Note: There are other ways of doing this (of thinking about it). This is one way.
Remember that #(ax+b)(cx+d)=acx^2+(ad+bc)x+bd#
So the first two coefficients of the factors have to multiply to give us the number in front #x^2#.
Example: for factoring #6x^2+#some other stuff,
the possibilities are #(6x+b)(x+d)# or #(2x+b)(3x+d)#.
(We don't need to worry about #(3x+b)(2x+d)#. because it's the same as the second choice with #b# and #d# exchanged.)
The constants have to multiply to give us the constant in the original expression.
Example: For #6x^2+11x-10#, the choices for how to end are #(ax+10)(cx-1)# or the other way around #(ax-10)(cx+1)#
(There's a difference if #a!=b# because the 'minus' sign could go with either the #10# or the #1#.)
OR #(ax+5)(cx-2)# or #(ax-5)(bx+2)#
(Again the 'minus' could go with the #5# or with the #2#.)

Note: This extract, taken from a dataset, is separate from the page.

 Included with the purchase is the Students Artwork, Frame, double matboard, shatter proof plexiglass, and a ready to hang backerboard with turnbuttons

Finally, we also need #ad+bc =# the coefficient of #x#,
which in this example is #11#. That's where the "trial" happens. We need to check each of the possibilities.
Here they are:
#(6x+10)(x-1)# or #(6x-10)(x+1)#
#(2x+10)(3x-1)# or #(2x-10)(3x+1)#
#(6x+5)(x-2)# or #(6x-5)(x+2)#
#(2x+5)(3x-2)# or #(2x-5)(3x+2)#
The faster you can do ad+bc (O+I, if you think FOIL),
the faster you can do the checking.
First line, I get #6# and #10#, I'm not going to get #11# from those.
Second line #2# and #30#, no! I won't get #11# from them.

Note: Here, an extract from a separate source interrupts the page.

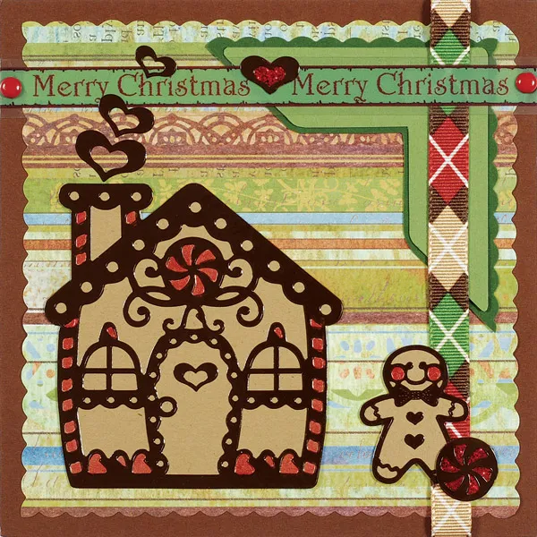 Place the house and small gingerbread man Dazzles™ on tan cardstock and cut around the edges. Glue as shown. Color areas on both with Smooch ink as shown. Place a heart and peppermint candy Dazzle™ on the background of the Merry, Merry Dazzles™ and cut out. Place on the front as shown.

Third line: #12# and #5#, no good.
Fourth line #4# and #15# -- possible!. The difference is 11, so check further: #(2x+5)(3x-2)# gives us #-4# and #+15#, and those add up to #11#. That's the one we want.
To be certain, multiply again:
#(2x+5)(3x-2)=6x^2-4x+15x-10=6x^2+11x-10#.
So that works.
Remember you can't always factor by trial and error. #x^2+2x+7# won't factor using whole numbers.
The only possibilities would be #(x+1)(x+7)# of #(x-1)(x-7)#. But neither of those work.
So #x^2+2x+7# is "prime" or irreducible" or "not factorable" -- depending on what you've been taught to call it.
(If you learn enough math you may learn more about this.)